Enriching a large Magento catalog without melting the indexer

Every few weeks the same question shows up in a Magento forum: thousands of SKUs, missing attributes, thin descriptions, no translations. How do I enrich all of it? The replies are always about sources. Icecat for attributes. An LLM for descriptions. A feed for the marketplace fields.

Sourcing the data has a thousand tutorials. Getting it into the catalog without taking the store down has almost none. That second part is the actual job.

The mistake everyone makes first

You write the obvious loop. Load product, set value, save.

php

foreach ($productIds as $id) {
    $product = $this->productRepository->getById($id);
    $product->setData('description', $descriptions[$id]);
    $this->productRepository->save($product);
}

Every save() runs the full product lifecycle: validation, every save-after observer and plugin, and a reindex trigger. At 50,000 products you've fired that machinery 50,000 times. The script runs for hours, the indexer thrashes, and admin grinds while it does.

The product save path is built for a human editing one product in the admin. It is the wrong tool for touching the whole catalog.

Set shared values in bulk

When you're writing the same value to many products (a marketplace flag, a country of manufacture, a default brand), Magento already ships the right tool:

php

// Magento\Catalog\Model\Product\Action
$this->productAction->updateAttributes(
    $batchOfIds,                       // 1-2k entity IDs per call
    ['country_of_manufacture' => 'IN'],
    $storeId                           // 0 = default scope
);

updateAttributes() writes straight to the attribute's backend table for the whole batch and skips the full model save. One operation instead of N lifecycles. For genuinely distinct values per product, like unique descriptions, group your writes and keep them off the productRepository->save() path. The moment you're saving the full model in a loop, you've already lost.

Put the indexer on schedule before you start

Switch your indexers to Update by Schedule before any bulk run.

On Update on Save, every write reindexes synchronously and your enrichment job fights the indexer for the whole run. On schedule, writes drop into the changelog and mview reindexes only the changed rows on cron. You enrich fast, then reindex the delta once.

bash

bin/magento indexer:set-mode schedule

Translations live at store-view scope

A translated description isn't a column on the product. It's an attribute value scoped to a store view. Write German to the German store view's id, not to the default scope. And don't clobber the default value with one language while you're at it.

That $storeId argument on updateAttributes() is the same lever: pass the store-view id to set the localized value, and leave the global value alone.

The AI part, on a short leash

An LLM will draft decent product copy across thousands of SKUs in one pass.

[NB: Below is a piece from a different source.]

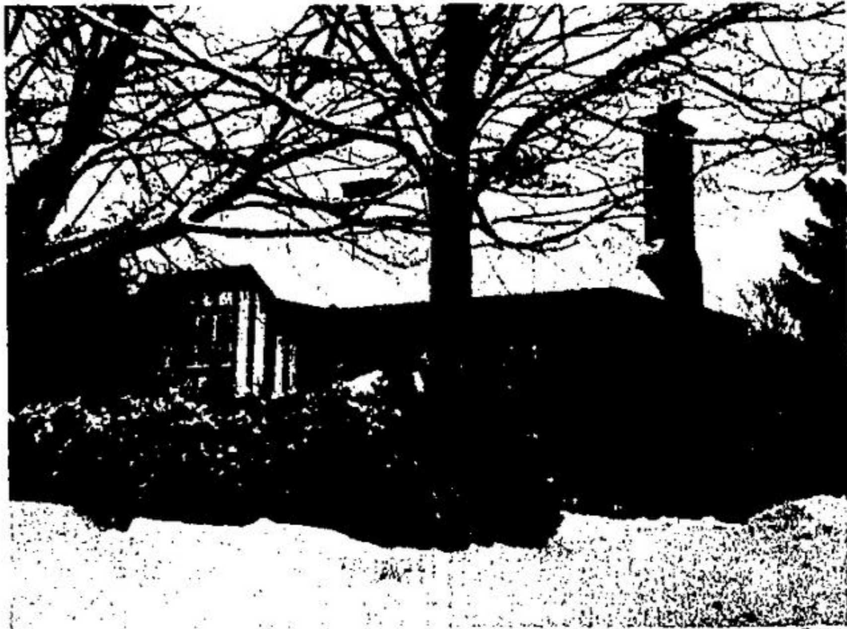
The cedars at York House bowed under the snow

It will also state, with total confidence, that a cable is 2 metres, a shirt is 100% cotton, and a case fits a phone it has never heard of.

So treat generated copy as a draft, never as truth:

Generate into a staging field or a disabled scope, not straight onto the live product page.
Sample-review a real slice before you trust the batch.
Keep anything load-bearing (dimensions, materials, compatibility, claims) sourced and verified, not generated.

A wrong spec on a product page is a returns problem, and on regulated goods it's a bigger one than that.

An order of operations that survives 50k SKUs

Indexers to scheduled.
Enrich into staging: a holding field or a disabled scope nobody can see yet.
Bulk-apply in batches of 1-2k IDs, off the full save path.
Reindex the delta, then smoke-test a real sample of product pages.
Only then flip visibility.

The data sources are the easy 20%. The catalog is a live system with an indexer, a cache, and customers on it. Enrich it like one and 50,000 SKUs is a non-event. Loop over save() and you'll find out how long an afternoon can be.